- Data extract
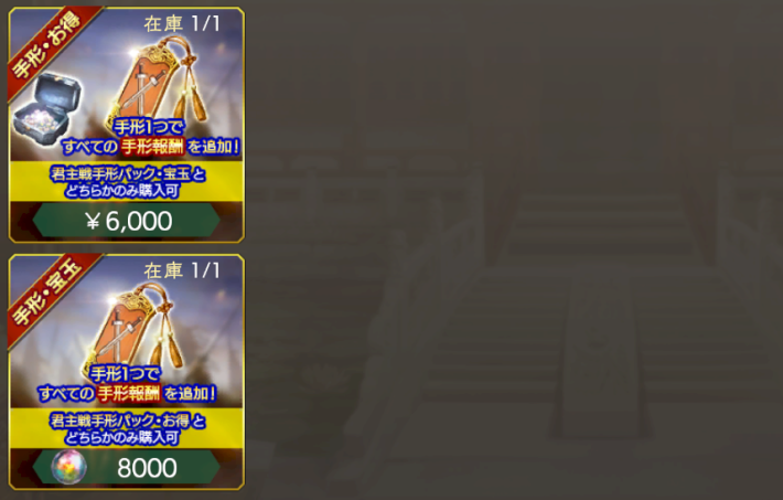 | 君主戦手形パック・宝玉 | 【価格】宝玉 × 8000 【在庫】1個 【おすすめ度】★★★★・ 君主戦手形 × 1 |
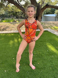 Step into the shadows with Web of Dread — a striking gymnastics leotard that weaves fiery orange, ember red, and midnight black into a tangled web of fearsome elegance. Inspired by the ominous beauty of spiderwebs at dusk, this leotard is made for the gymnast who isn’t afraid to command attention.
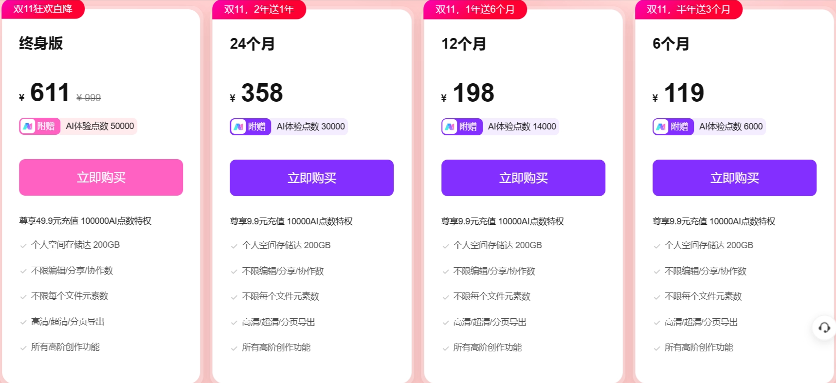 Boardmix购买时间越长,优惠越多。其功能相同,包含个人空间存储达200GB、不限编辑分享协作数、不限每个文件元素数、高清超清分导出、所有高阶创作功能等功能。
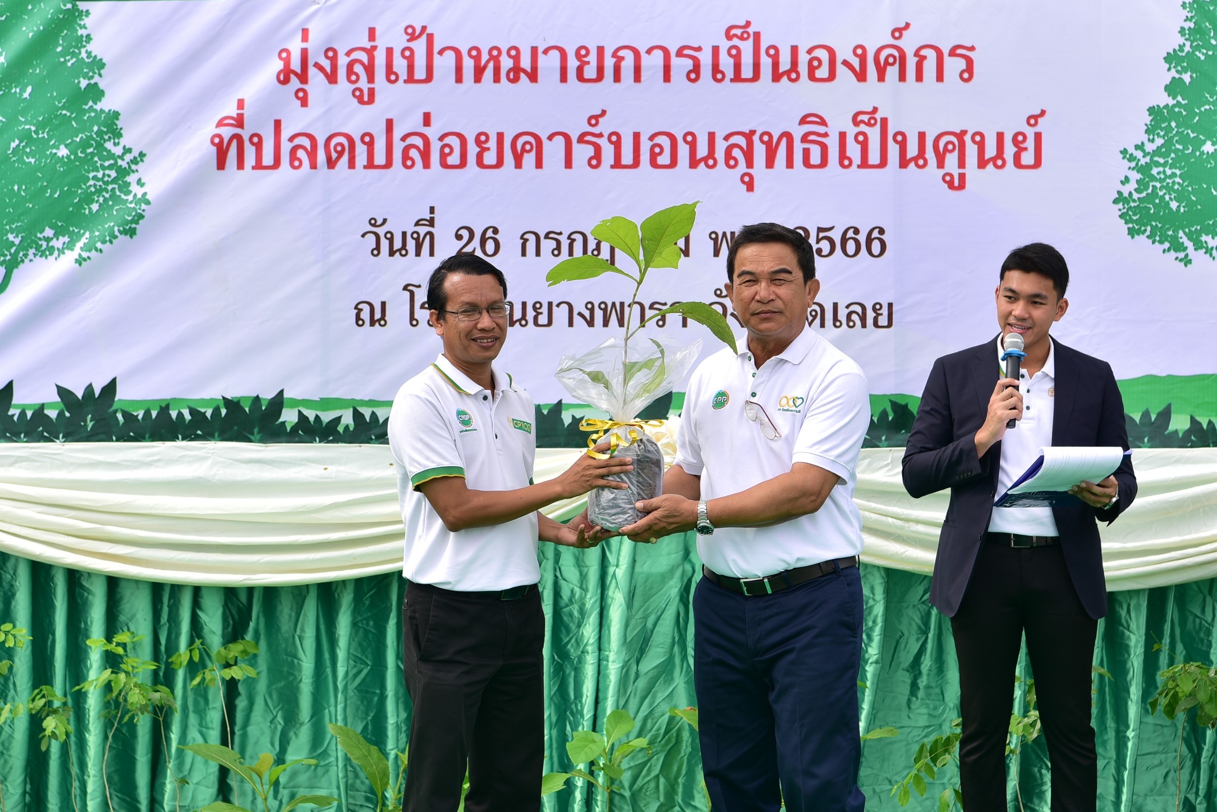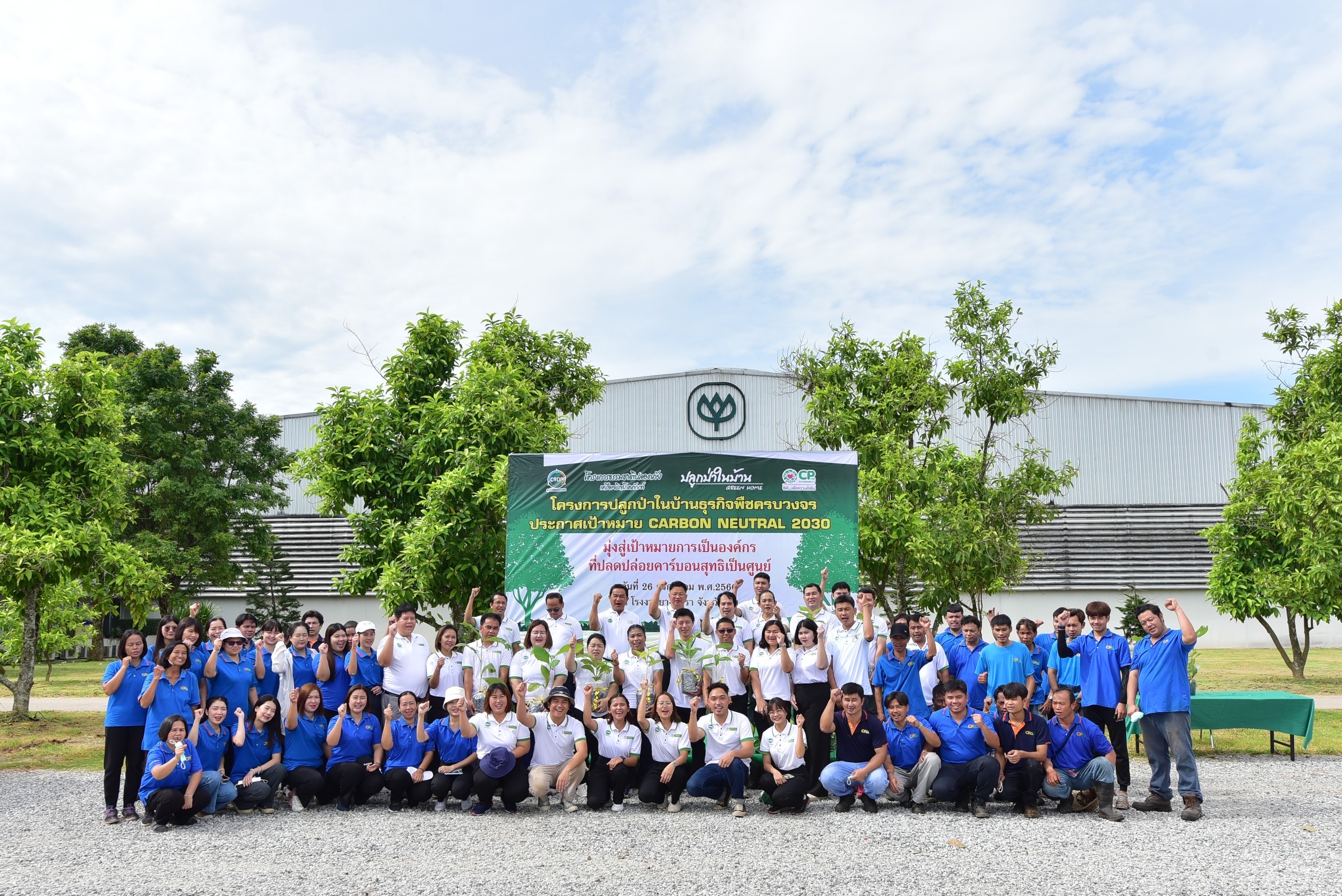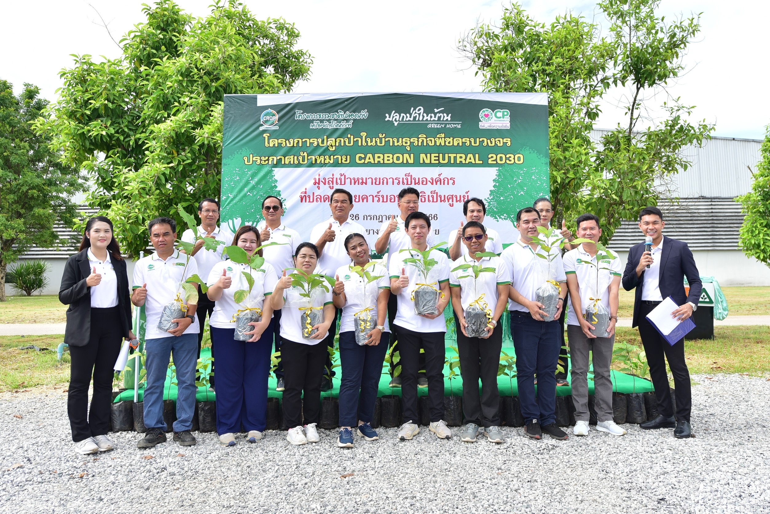 คุณสายัณห์ หงษา ประธานคณะผู้บริหารฝ่ายปฏิบัติการ ด้านบริหารงานขายและต่างประเทศ ธุรกิจพืชครบวงจร ข้าว ขนส่งและบริการ เครือเจริญโภคภัณฑ์ เปิดเผยภายหลังร่วมกิจกรรมปลูกไม้ยืนต้นในโครงการปลูกป่าในบ้าน ณ โรงงานยางพารา อ.วังสะพุง จ.เลย ว่า ตามที่เครือซี.พี. ตั้งเป้าหมายเป็นองค์กรที่เป็นกลางทางคาร์บอน (Carbon Neutral) ภายในปี 2573 และมุ่งสู่การปล่อยก๊าซเรือนกระจกสุทธิเป็นศูนย์ (Net Zero) ภายในปี 2593 โดยการรณรงค์ผ่าน “โครงการซีพี ร้อยรักษ์โลก” ให้ทุกหน่วยธุรกิจ ปลูกไม้ยืนต้นในพื้นที่ของหน่วยงาน และร่วมกับภาคีเครือข่ายในพื้นที่ต่างๆ ปลูกไม้ยืนต้นในพื้นที่สาธารณะ รวมทั้งสิ้น 20 ล้านต้น เพื่อเพิ่มพื้นที่สีเขียวในการดูดซับก๊าซเรือนกระจก
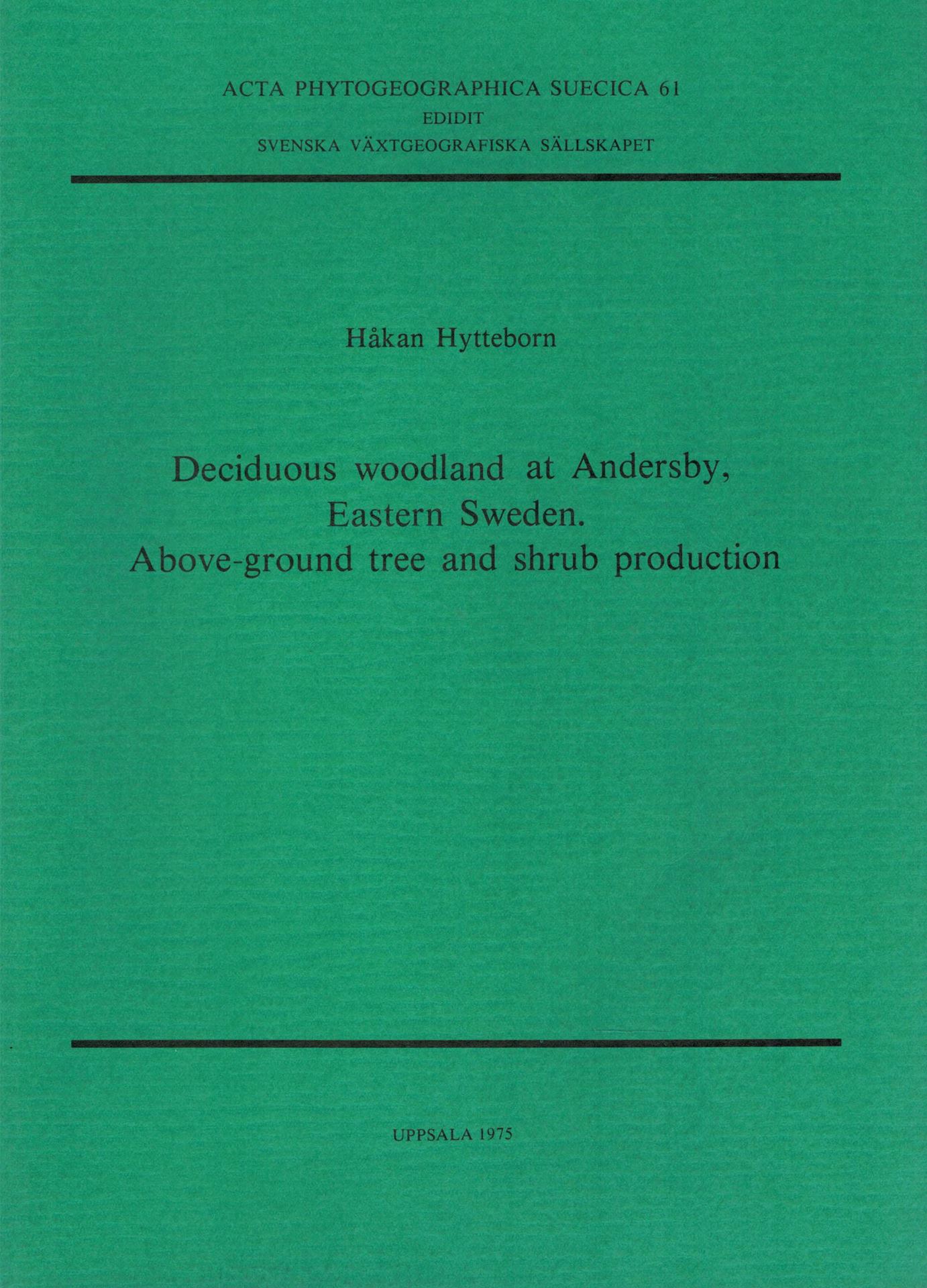 HYTTEBORN, H.: Deciduous Woodland at Andersby, Eastern Sweden, Above- Ground Tree and Shrub Production. 1975. (Acta Phytogeogr. Suec., 61). 35 tabs. 32 figs. 96 p. gr8vo. Paper bd. (5632) 10.70

- Exercise
Give back the material exactly as written, images excluded.

- Output for this exercise
 | 君主戦手形パック・宝玉 | 【価格】宝玉 × 8000 【在庫】1個 【おすすめ度】★★★★・ 君主戦手形 × 1 |
 Step into the shadows with Web of Dread — a striking gymnastics leotard that weaves fiery orange, ember red, and midnight black into a tangled web of fearsome elegance. Inspired by the ominous beauty of spiderwebs at dusk, this leotard is made for the gymnast who isn’t afraid to command attention.
 Boardmix购买时间越长,优惠越多。其功能相同,包含个人空间存储达200GB、不限编辑分享协作数、不限每个文件元素数、高清超清分导出、所有高阶创作功能等功能。
 คุณสายัณห์ หงษา ประธานคณะผู้บริหารฝ่ายปฏิบัติการ ด้านบริหารงานขายและต่างประเทศ ธุรกิจพืชครบวงจร ข้าว ขนส่งและบริการ เครือเจริญโภคภัณฑ์ เปิดเผยภายหลังร่วมกิจกรรมปลูกไม้ยืนต้นในโครงการปลูกป่าในบ้าน ณ โรงงานยางพารา อ.วังสะพุง จ.เลย ว่า ตามที่เครือซี.พี. ตั้งเป้าหมายเป็นองค์กรที่เป็นกลางทางคาร์บอน (Carbon Neutral) ภายในปี 2573 และมุ่งสู่การปล่อยก๊าซเรือนกระจกสุทธิเป็นศูนย์ (Net Zero) ภายในปี 2593 โดยการรณรงค์ผ่าน “โครงการซีพี ร้อยรักษ์โลก” ให้ทุกหน่วยธุรกิจ ปลูกไม้ยืนต้นในพื้นที่ของหน่วยงาน และร่วมกับภาคีเครือข่ายในพื้นที่ต่างๆ ปลูกไม้ยืนต้นในพื้นที่สาธารณะ รวมทั้งสิ้น 20 ล้านต้น เพื่อเพิ่มพื้นที่สีเขียวในการดูดซับก๊าซเรือนกระจก
 HYTTEBORN, H.: Deciduous Woodland at Andersby, Eastern Sweden, Above- Ground Tree and Shrub Production. 1975. (Acta Phytogeogr. Suec., 61). 35 tabs. 32 figs. 96 p. gr8vo. Paper bd. (5632) 10.70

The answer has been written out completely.